On the occasions the link did come up the VF worked perfectly. Adding a few 
printks showed the link was being declared down due to the VF/PF mailbox 
timeout having been hit (setting mbx->timeout to zero). Further instrumentation 
suggests that the timeout occurred when the VF was waiting for an ACK from the 
PF that never came, due to the original VF to PF message not being received by 
the PF. Based on limited logging the following sequence is what I believe 
happened:

 1. VF sends message (e.g. 0x00010003) to PF (get VFU lock; write buffer; 
release VFU lock/signal REQ), VF waits for ACK
 2. PF igb_msg_task handler checks the VFICR and finds REQ set
 3. PF igb_msg_task handler calls igb_rcv_msg_from_vf which reads message and 
ACKs (get PFU lock; read buffer; release PFU lock/signal ACK)
 4. PF deals with message, e.g. calling igb_set_vf_multicasts
 5. VF receives ACK
 6. VF moves on to send next message (e.g. 0x00000006) to PF (get VFU lock; 
write buffer; release VFU lock/signal REQ), VF waits for ACK
 7. PF igb_rcv_msg_from_vf sends reply message (orig msg | 
E1000_VT_MSGTYPE_ACK|E1000_VT_MSGTYPE_CTS) from PF to VF (get PFU lock; clear 
REQ/ACK bits in VFICR ***clearing the REQ flag just set by VF***; write buffer 
***overwriting VF's pending message***; release PFU lock/signal STS)
 8. PF igb_msg_task handler runs but REQ flag is zero so message not handled
 9. VF times out waiting for ACK to the second message

>From inspecting the code in both drivers my understanding is that the VFU/PFU 
>locking mechanism is only being used to protect the message buffer while it is 
>being read or written, it is not protecting against the buffer being re-used 
>by either driver before the existing message has been handled (the lock is 
>released when setting REQ/STS, not on receiving the ACK as the protocol 
>description in the 82576 datasheet suggests). Adding a 5000usec sleep after 
>each message send from the VF makes the original link-down failure go away 
>giving some confidence to the race condition theory.

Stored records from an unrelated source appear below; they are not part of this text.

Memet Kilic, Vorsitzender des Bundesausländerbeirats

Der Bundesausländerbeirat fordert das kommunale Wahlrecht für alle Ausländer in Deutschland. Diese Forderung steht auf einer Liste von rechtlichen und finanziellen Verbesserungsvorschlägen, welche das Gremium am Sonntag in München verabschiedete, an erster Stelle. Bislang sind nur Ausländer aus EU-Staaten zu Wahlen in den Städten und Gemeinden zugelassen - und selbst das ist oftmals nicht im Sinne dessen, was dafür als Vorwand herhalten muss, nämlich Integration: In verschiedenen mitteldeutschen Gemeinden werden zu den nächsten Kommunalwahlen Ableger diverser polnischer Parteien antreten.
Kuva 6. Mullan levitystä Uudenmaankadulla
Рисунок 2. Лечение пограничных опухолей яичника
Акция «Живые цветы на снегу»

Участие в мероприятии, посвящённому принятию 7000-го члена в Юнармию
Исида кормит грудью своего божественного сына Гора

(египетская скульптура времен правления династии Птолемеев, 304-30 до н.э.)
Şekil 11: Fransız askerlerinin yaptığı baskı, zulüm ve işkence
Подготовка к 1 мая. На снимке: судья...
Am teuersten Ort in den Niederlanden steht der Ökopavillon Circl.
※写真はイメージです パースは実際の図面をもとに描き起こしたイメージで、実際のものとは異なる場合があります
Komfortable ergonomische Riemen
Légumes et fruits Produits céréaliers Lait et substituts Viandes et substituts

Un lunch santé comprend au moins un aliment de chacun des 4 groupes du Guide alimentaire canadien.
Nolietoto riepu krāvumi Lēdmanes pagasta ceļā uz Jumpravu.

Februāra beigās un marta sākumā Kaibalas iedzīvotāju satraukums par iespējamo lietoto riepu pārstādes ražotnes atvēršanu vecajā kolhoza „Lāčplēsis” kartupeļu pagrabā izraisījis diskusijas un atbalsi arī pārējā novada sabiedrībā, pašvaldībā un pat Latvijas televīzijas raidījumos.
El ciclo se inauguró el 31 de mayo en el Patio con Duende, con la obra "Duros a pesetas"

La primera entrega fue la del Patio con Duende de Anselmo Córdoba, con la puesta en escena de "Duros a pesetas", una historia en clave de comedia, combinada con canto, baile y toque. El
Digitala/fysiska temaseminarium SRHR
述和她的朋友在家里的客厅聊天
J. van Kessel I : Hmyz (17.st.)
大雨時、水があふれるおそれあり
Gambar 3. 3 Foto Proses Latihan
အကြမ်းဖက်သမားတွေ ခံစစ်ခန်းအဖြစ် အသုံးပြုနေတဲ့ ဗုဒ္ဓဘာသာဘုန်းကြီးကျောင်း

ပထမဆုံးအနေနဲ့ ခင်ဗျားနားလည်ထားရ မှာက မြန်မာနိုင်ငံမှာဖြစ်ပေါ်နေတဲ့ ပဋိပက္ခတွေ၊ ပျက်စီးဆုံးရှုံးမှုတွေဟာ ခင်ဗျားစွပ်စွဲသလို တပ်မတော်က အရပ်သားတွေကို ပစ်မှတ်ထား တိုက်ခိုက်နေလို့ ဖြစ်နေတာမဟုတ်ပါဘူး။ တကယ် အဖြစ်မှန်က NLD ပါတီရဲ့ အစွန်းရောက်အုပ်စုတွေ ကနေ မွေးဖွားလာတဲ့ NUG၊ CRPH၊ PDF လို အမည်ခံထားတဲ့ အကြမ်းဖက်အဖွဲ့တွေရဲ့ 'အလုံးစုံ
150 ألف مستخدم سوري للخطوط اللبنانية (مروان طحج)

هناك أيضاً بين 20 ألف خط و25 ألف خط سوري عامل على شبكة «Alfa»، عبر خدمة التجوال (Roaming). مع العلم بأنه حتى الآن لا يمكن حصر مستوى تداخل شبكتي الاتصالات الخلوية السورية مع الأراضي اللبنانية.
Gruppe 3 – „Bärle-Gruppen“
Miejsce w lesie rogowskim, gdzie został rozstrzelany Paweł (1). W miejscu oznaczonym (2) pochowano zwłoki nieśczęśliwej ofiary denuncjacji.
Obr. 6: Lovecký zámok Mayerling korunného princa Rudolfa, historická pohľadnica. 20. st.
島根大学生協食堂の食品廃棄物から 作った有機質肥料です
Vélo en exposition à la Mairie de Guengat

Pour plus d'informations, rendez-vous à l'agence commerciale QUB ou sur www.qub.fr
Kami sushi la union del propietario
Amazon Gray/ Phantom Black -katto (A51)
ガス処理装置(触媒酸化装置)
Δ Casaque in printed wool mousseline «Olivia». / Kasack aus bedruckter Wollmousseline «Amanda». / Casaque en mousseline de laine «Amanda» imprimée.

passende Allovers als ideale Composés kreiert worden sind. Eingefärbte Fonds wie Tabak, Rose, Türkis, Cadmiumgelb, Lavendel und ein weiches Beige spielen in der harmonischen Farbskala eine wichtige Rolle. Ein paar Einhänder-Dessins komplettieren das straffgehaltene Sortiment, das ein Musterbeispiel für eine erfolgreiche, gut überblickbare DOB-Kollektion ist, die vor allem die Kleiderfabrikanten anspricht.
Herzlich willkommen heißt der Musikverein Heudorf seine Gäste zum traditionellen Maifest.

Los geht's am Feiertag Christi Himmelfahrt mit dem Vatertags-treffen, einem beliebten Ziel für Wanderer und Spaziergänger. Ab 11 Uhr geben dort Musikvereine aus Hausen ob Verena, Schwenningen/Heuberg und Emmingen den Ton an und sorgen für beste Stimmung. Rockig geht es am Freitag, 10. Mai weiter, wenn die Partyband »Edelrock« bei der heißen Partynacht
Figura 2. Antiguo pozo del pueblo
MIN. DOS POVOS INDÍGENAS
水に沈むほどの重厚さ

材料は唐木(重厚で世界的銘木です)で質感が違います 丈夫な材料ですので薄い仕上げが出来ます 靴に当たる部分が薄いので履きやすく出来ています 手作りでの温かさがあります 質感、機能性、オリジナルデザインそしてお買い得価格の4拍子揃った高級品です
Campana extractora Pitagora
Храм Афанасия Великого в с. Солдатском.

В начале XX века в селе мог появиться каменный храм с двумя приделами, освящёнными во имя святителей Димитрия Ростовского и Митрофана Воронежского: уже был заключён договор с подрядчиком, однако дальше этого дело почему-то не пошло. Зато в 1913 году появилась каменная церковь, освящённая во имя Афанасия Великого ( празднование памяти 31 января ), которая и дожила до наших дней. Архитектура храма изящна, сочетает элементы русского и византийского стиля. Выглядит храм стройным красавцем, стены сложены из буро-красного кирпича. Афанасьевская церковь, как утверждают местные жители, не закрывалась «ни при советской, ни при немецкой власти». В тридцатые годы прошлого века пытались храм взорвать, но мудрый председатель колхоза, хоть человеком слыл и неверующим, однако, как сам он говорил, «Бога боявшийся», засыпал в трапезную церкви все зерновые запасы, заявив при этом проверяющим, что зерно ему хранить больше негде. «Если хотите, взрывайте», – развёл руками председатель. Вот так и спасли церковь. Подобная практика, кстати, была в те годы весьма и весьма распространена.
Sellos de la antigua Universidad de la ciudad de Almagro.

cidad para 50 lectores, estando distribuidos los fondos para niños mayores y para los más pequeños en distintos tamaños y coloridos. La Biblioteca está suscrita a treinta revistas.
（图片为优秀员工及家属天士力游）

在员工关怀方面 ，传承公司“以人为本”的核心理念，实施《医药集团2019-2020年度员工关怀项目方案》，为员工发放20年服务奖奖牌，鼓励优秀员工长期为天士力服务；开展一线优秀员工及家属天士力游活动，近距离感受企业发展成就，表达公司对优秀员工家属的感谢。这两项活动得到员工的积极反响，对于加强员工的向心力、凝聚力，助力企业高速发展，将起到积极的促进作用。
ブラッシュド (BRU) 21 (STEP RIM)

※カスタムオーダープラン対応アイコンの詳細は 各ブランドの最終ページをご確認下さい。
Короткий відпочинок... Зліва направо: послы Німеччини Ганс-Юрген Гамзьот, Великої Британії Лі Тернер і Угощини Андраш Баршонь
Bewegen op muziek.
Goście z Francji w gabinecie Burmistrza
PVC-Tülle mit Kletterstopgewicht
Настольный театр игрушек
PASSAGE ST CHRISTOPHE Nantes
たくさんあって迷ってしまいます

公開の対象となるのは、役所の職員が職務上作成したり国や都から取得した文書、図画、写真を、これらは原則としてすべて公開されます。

I believe that the race should not be a problem if the VF and PF are exchanging 
messages in the expected order however in the above case the VF sent a 
E1000_VF_SET_MULTICAST message but did not wait for the reply message from the 
PF. Reviewing the driver code shows that of the five messages the PF 
igb_rcv_msg_from_vf would reply to the VF driver does not wait for replies for 
three (E1000_VF_SET_MULTICAST, E1000_VF_SET_LPE and E1000_VF_SET_VLAN). 
Patching the VF driver (see below) to perform dummy reads after sending each of 
these three messages makes the original link-down failure go away.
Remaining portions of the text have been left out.